Before our second baby boy arrived, we were nervous about having 2 so close together. We knew it was going to be tough. We had no idea how tough. Aiden arrived 5.5 weeks early and shocked everyone, including the doctors, when he presented with some major anomalies. His fingers were fused together, bound up in tight little fists. His toes webbed, his face scrunched. The room had gone silent – not even the OB or nurses had seen this before. We learned later that our second boy had something called Apert syndrome. A very rare craniofacial condition that occurs only once in every 160,000 births.
After a 2 week stay in the NICU, we were attempting to make sense of our new life. Along with his condition came appointments, therapies, surgeries. Needless to say it became almost impossible for me to consider going back to work. And thus, my stay-at-home mom gig commenced. Not quite the way I had envisioned it.
We are living a very different life than we had imagined as fresh-faced newlyweds, but one that is more fulfilling than I ever could have hoped.
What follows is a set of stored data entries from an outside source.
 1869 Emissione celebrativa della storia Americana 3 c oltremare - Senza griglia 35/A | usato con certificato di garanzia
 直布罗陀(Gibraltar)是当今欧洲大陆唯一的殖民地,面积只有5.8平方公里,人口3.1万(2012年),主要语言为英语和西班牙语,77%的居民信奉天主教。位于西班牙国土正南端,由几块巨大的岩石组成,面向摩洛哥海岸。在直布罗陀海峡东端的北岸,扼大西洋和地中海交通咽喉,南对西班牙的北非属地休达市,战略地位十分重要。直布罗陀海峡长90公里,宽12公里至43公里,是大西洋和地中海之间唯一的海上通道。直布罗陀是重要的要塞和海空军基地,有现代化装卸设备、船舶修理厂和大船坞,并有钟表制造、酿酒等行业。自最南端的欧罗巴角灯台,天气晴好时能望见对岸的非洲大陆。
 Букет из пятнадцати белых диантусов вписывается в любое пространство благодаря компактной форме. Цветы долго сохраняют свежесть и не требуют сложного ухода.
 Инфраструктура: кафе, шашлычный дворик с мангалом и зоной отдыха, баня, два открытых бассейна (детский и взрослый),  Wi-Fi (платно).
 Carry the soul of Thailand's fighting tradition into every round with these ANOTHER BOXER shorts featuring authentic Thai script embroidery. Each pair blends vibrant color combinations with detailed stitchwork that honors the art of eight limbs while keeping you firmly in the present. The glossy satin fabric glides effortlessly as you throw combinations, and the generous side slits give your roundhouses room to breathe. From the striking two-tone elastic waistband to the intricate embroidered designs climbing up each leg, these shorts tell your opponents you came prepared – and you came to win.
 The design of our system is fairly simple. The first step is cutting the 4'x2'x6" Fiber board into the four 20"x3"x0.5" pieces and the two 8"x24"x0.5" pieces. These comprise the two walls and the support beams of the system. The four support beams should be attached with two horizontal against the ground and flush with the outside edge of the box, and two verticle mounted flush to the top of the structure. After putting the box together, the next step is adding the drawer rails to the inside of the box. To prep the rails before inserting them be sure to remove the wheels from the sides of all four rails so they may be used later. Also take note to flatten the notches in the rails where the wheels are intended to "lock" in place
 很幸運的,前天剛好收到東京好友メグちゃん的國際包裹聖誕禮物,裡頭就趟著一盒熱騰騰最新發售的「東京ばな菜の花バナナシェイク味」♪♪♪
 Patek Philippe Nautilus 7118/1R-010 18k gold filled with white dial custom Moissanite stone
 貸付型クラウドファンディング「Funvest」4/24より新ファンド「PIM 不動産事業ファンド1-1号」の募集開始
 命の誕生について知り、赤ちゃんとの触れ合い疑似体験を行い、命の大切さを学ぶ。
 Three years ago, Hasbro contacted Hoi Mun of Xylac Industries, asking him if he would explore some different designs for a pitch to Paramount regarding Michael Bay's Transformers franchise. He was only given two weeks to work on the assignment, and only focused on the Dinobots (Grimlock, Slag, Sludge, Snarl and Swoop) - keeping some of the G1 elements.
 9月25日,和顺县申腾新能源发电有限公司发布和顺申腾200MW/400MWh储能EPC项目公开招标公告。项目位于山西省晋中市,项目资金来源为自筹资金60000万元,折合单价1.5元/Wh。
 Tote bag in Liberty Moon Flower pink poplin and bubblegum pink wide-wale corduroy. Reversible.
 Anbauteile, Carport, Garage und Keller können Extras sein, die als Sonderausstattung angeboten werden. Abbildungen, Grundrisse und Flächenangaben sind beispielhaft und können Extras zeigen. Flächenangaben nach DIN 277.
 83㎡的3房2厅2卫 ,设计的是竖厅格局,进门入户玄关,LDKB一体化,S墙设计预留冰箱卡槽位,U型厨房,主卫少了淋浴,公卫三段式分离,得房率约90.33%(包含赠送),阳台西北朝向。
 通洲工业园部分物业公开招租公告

I am a mom, just as I had wished to be. And a stay-at-home mom to now FOUR beautiful boys. But the thing that is most amazing about our journey is how motherhood has defined my life. And I don’t mean in a bad way.
I’ve always loved to write and in an effort to keep family members informed about Aiden’s medical journey, I began this blog in 2008. Since that time, it has morphed into a lifestyle, parenting and special needs blog with an audience much broader than just friends and family. It has led to outside writing opportunities and published pieces. More importantly, through my blog I have been contacted by families world-wide who have a child with Apert syndrome. Seeing our positive approach and how we advocate for Aiden has inspired countless people. In turn, it has inspired me to take it one step further and create my own nonprofit, called apertOWL, with a mission to be a beacon of hope for those affected by this condition.
In addition, this fall I’ll be making rounds speaking to elementary and middle school kids about
celebrating and accepting differences. I am also scheduled to speak to nursing students about patient
and family centered care, drawing from our experiences in medical facilities.
So think again before you jump to conclusions about stay-at-home-moms. What some might view as a traditional role that wastes a good, solid college degree in my case has been nothing of the sort. I have the best of both worlds. Becoming a mom and embarking on an unexpected journey with a child with complex medical needs has changed me. It has strengthened my heart, solidified my relationships and inspired me to find exactly what it is I was meant to do. Motherhood has given me a purpose and a passion for something I never would have known without it.
I intend on making an impact...and some days I don’t even have to get out of my pajamas.